There is an additional benefit to synthetic data. The collection and annotation of real-world training data can create a frustrating bottleneck and delay AI projects. Even the most potentially world-changing algorithm can’t be trained without sufficient high-quality data. Synthetic data not only boosts the results, but the process itself. If you want to start a project and you know you have a cold start — no data and no annotated data — then you have to collect and annotate data. That can take some time just to get the first batch of data and then to annotate it. Also, you need to repeat this process several times. However, you can ensure you have a warm start by using synthetic data. This allows you to jump start your training processes. It allows you to accelerate the training process and reduce the time to deployment. So, by using synthetic data we can get to the same level of results but much more quickly.
The Perfect Mix
The advantage of using a combination of real world and synthetic data was recently illustrated by OneView and Airbus Defence and Space (Intelligence) in a Proof of Concept study. Using Airbus’s satellite imagery, OneView created one dataset of real data, a second of synthetic, and a third that blended the two.
The result? While the real-only results produced an accuracy score of 82%, the dataset using a mix of synthetic and real achieved a score of ~90% — an 8% improvement over that real-only data.
The increase in performance by adding synthetic data is due to the ability to include edge cases, the variation that is achievable and the endless amount of various scenarios you can develop.
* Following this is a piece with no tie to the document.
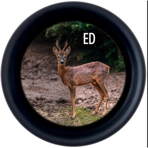 - Grande pupila de saída de 5,25 mm e distância ocular de 17,9 mm – muito confortável, mesmo com óculos

The implications are important. Even if just 5-10% of your data is real world – a high-quality, verified core collection – you can boost performance by creating synthetic images to expand the scope of your data set and input edge cases. This blending of the two types harnesses the best of each, eliminates their weaknesses, and yields optimum results.
A Focus on Quality
Up until now, there has been a focus on developing new architectures that run faster and train better algorithms. So, the main goal has been to feed these algorithms with lots of data to try to gain another small percentage from the algorithmic performance.
However, there is a growing understanding that this is not optimal. The focus should not be to throw lots and lots of data into the training set but to throw good data, according to Andrew Ng, Founder and CEO of Landing AI. He believes we should understand what data is missing and add that data. His message is simple — focus on optimizing your data, if you want better results. Synthetic data helps you achieve this by filling the gaps in your datasets, once you are aware where the gaps are. You now have the ability to quickly improve the quality of your dataset and algorithmic performance using the perfect mix of synthetic and real data.